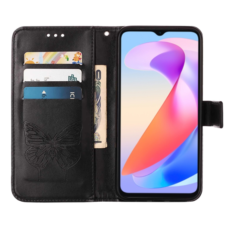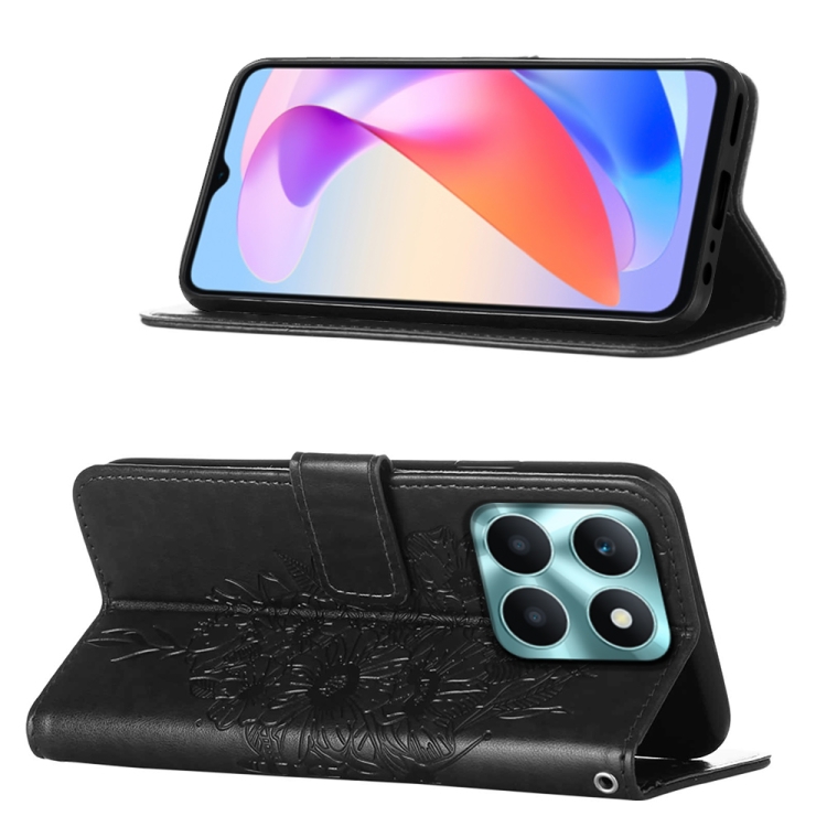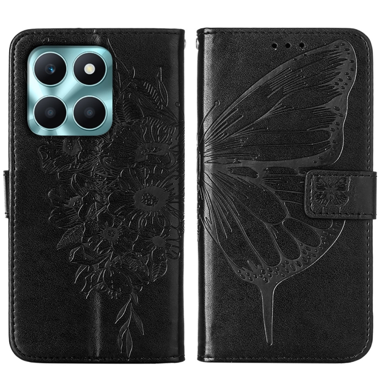 Funda de Cuero para Honor X6A con Mariposa en Relieve (Negro)
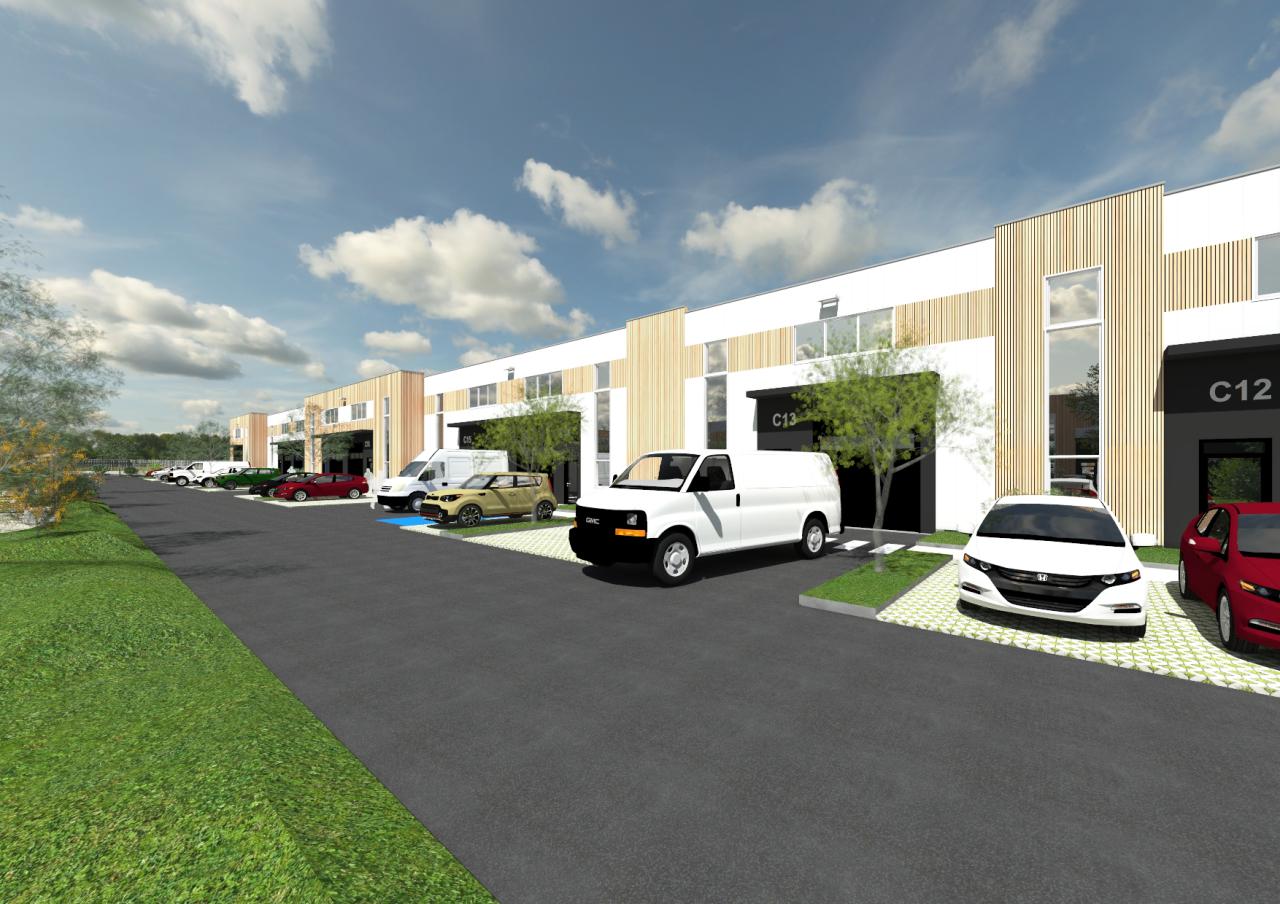 Chaque cellule sera livrée brut de béton et fluides en attente, avec une porte sectionnelle de plain-pied, une porte piéton. Chaque lot aura son emplacement pour l'enseigne et chaque futur propriétaire et/ou occupant aura 2 à 6 places de parking privatives, en fonction des cellules.
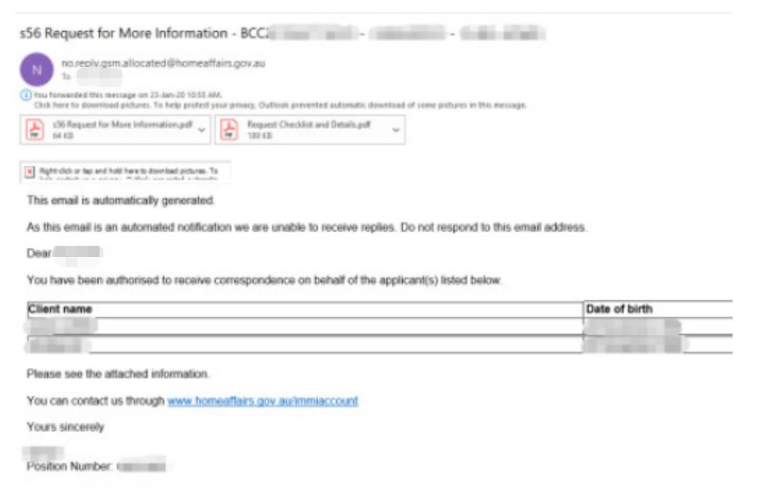 大多数情况下,补料要求是根据移民法案第56条做出的,所以当申请人收到补料通知时,会看到文件的标题是“s56 Request for More Information”。
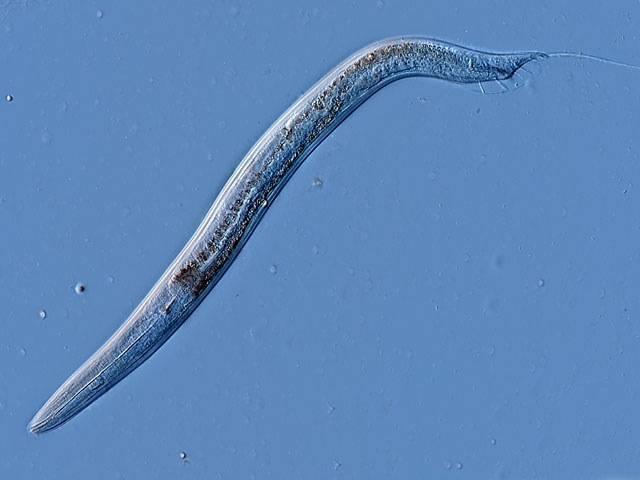 Caenorhabditis elegans ist wirklich ein Überlebenskünstler und auch sonst ein bei Wissenschaftlern durchaus beliebtes Unersuchungsobjekt. Dazu ein Bild, das ich schon vor einigen Jahren aufgenommen habe:
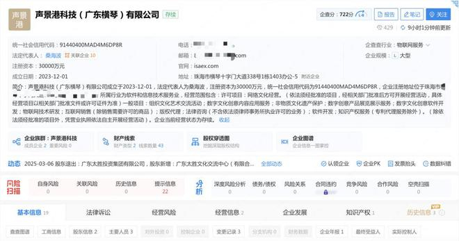 此外,记者注意到该平台运营主体为声景港科技(广东横琴)有限公司。据企查查数据显示:该公司成立于2023年12月,注册资本3亿元,法定代表人为桑海波,经营范围覆盖数字文化创意开发、物联网技术研发、知识产权服务等领域,为声音资产的交易流通与产业转化提供全链路支撑。
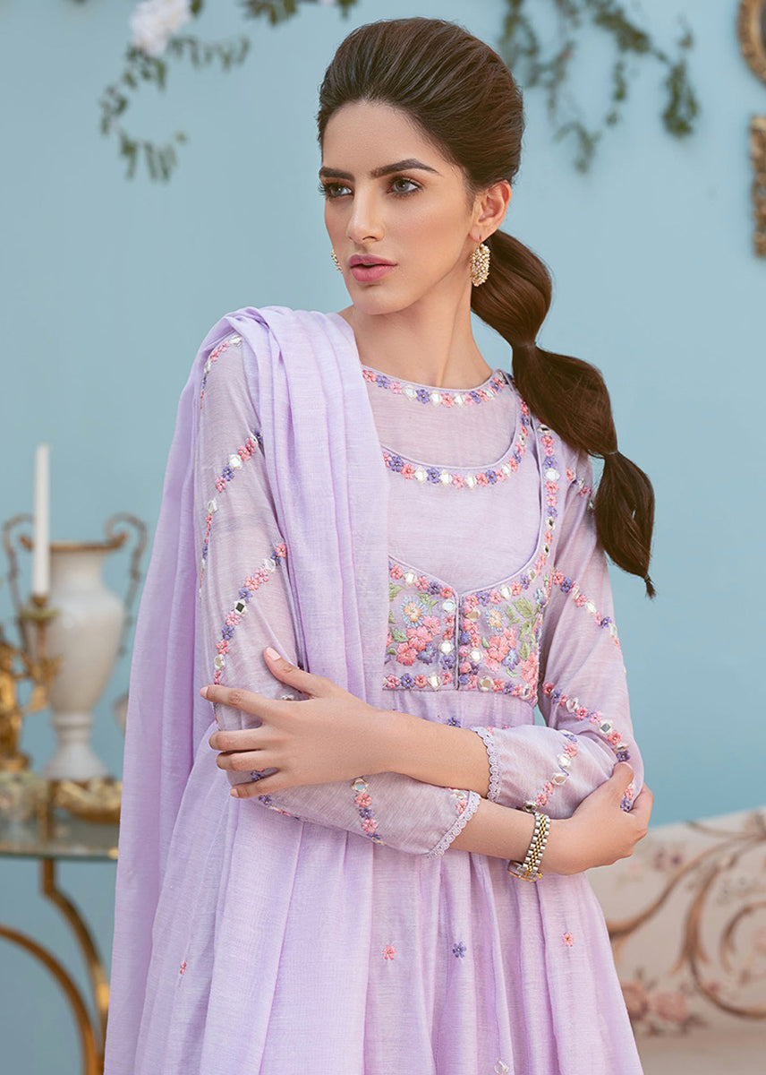 This beautiful watery shade of lilac is stitched into an elaborate yet simple kalidar in breathable paper cotton.
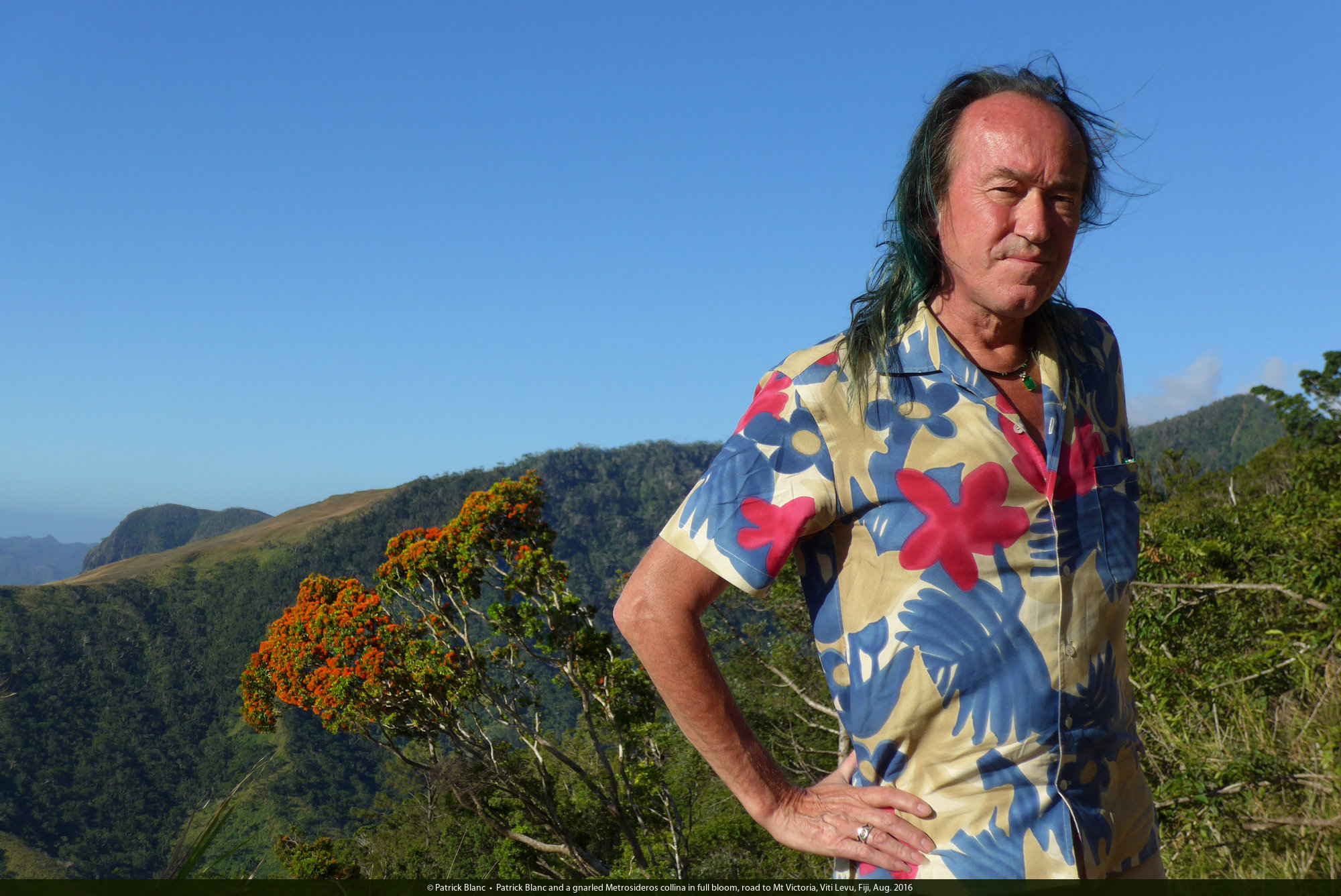 Patrick Blanc and Metrosideros collina in full bloom, road to Mt Victoria, Viti Levu, Fiji, Aug. 2016
------------
--- Goal of the exercise ---
All lines from the one holding "此外,记者注意到该平台运营主" to the end of the listing above need to be duplicated exactly. None of the pictures should be included.

--- Result ---
 此外,记者注意到该平台运营主体为声景港科技(广东横琴)有限公司。据企查查数据显示:该公司成立于2023年12月,注册资本3亿元,法定代表人为桑海波,经营范围覆盖数字文化创意开发、物联网技术研发、知识产权服务等领域,为声音资产的交易流通与产业转化提供全链路支撑。
 This beautiful watery shade of lilac is stitched into an elaborate yet simple kalidar in breathable paper cotton.
 Patrick Blanc and Metrosideros collina in full bloom, road to Mt Victoria, Viti Levu, Fiji, Aug. 2016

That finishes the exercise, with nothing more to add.